Raw data:
○ ○ ○ ○ ○ ○ ○
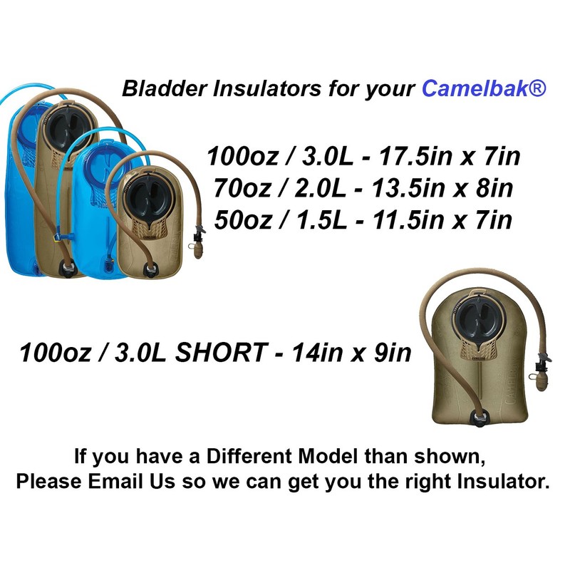 Hydration Tube Covers Bladder Insulators are Compatible with Camelbak Reservoir Water Bladder. Will fit MIL Spec Antidote and Crux
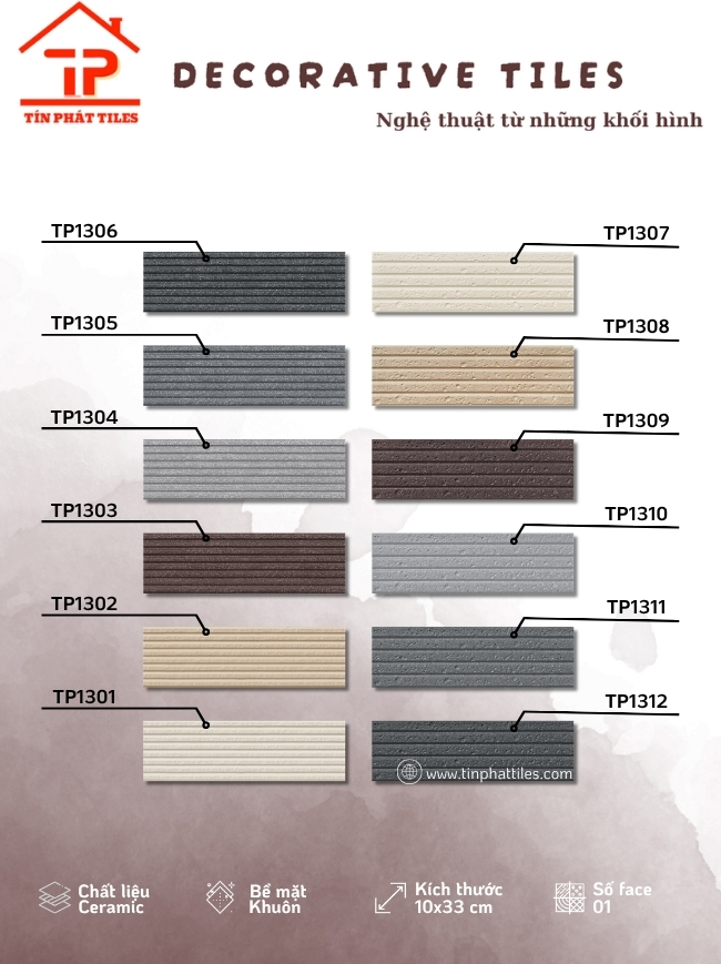 Phá bỏ những quy chuẩn về kích thước truyền thống, dòng gạch trang trí 10x33cm mang đến một làn gió mới, mảnh mai và thanh thoát hơn. Với tỷ lệ "tỉ vàng" thuôn dài, mỗi viên gạch không chỉ là vật liệu xây dựng mà còn là ngôn ngữ nghệ thuật, giúp kéo dài không gian và tạo nên những nhịp điệu kiến trúc độc đáo. Sự kết hợp giữa chất liệu ceramic cao cấp và bề mặt men tinh xảo hứa hẹn sẽ là điểm nhấn khó rời mắt cho mọi công trình.
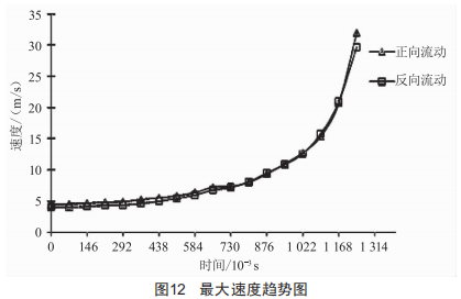 在0~0.876S內,速度的階躍不是很大,對閥門的沖擊較小;在0.876S之后,隨著閥門開度逐漸變小,速度的階躍以指數增長,達到來流速度的5倍乃至10多倍(圖12),對于閥門的可靠運行存在很大的隱患。
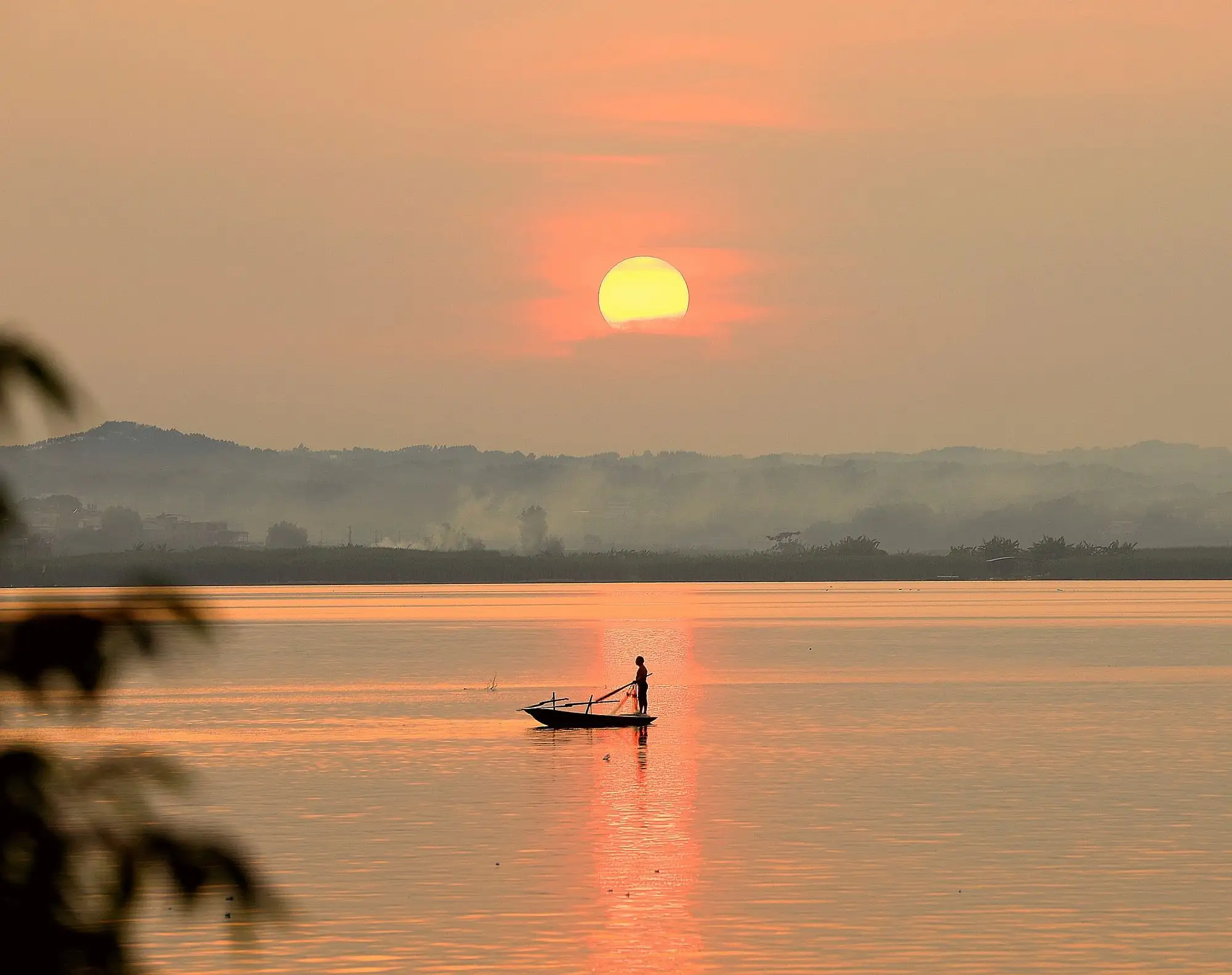 落日余晖中,我独自坐在湖边,感受着宁静与温暖
○ ○ ○ ○ ○ ○ ○
Requirement: Your task is to retype exactly the lines that run from the line with "在0~0.876S內,速度的" through the last line of the material, with the pictures left out.

Exercise answer:
 在0~0.876S內,速度的階躍不是很大,對閥門的沖擊較小;在0.876S之后,隨著閥門開度逐漸變小,速度的階躍以指數增長,達到來流速度的5倍乃至10多倍(圖12),對于閥門的可靠運行存在很大的隱患。
 落日余晖中,我独自坐在湖边,感受着宁静与温暖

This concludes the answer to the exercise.